Work required – From the data below, copy exactly the lines that lie between the one holding "Figura 6. Condición" and the one holding "Ученый-изобретатель К. Э. Циолковский.", including both, and nothing more.

Input data –
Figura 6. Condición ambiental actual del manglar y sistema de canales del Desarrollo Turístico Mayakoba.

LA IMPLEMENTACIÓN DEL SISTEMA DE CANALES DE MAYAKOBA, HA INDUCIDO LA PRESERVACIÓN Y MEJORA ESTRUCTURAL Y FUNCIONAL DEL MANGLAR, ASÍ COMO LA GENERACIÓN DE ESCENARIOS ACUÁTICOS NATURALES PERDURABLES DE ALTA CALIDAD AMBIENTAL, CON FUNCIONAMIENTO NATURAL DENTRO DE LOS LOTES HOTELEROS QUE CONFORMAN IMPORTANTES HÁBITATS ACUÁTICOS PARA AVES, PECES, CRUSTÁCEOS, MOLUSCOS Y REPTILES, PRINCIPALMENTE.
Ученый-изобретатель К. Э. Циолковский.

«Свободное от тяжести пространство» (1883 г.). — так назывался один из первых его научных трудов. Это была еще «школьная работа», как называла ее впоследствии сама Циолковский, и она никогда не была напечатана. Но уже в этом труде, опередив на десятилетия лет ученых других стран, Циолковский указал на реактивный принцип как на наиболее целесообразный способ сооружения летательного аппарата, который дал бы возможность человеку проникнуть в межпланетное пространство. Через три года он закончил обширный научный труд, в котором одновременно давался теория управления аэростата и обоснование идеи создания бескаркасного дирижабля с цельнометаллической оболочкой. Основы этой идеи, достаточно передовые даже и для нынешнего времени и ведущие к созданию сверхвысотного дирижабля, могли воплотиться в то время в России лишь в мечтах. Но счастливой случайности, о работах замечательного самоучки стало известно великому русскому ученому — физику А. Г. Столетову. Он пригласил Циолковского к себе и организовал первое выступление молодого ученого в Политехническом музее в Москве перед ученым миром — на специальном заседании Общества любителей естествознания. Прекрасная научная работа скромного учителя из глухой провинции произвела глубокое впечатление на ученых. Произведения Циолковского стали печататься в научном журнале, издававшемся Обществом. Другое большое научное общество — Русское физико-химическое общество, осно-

--

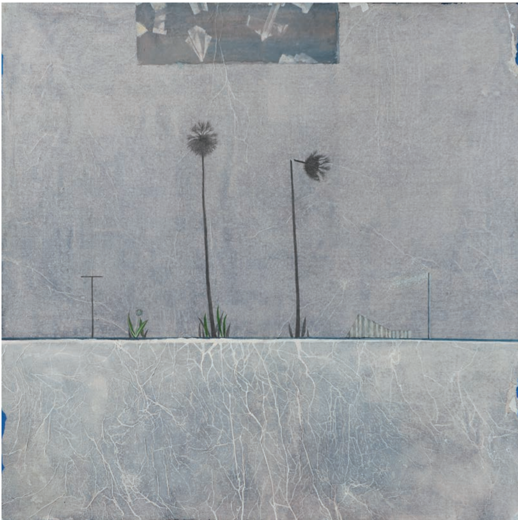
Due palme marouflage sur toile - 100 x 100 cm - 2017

Expected answer –
Figura 6. Condición ambiental actual del manglar y sistema de canales del Desarrollo Turístico Mayakoba.

LA IMPLEMENTACIÓN DEL SISTEMA DE CANALES DE MAYAKOBA, HA INDUCIDO LA PRESERVACIÓN Y MEJORA ESTRUCTURAL Y FUNCIONAL DEL MANGLAR, ASÍ COMO LA GENERACIÓN DE ESCENARIOS ACUÁTICOS NATURALES PERDURABLES DE ALTA CALIDAD AMBIENTAL, CON FUNCIONAMIENTO NATURAL DENTRO DE LOS LOTES HOTELEROS QUE CONFORMAN IMPORTANTES HÁBITATS ACUÁTICOS PARA AVES, PECES, CRUSTÁCEOS, MOLUSCOS Y REPTILES, PRINCIPALMENTE.
Ученый-изобретатель К. Э. Циолковский.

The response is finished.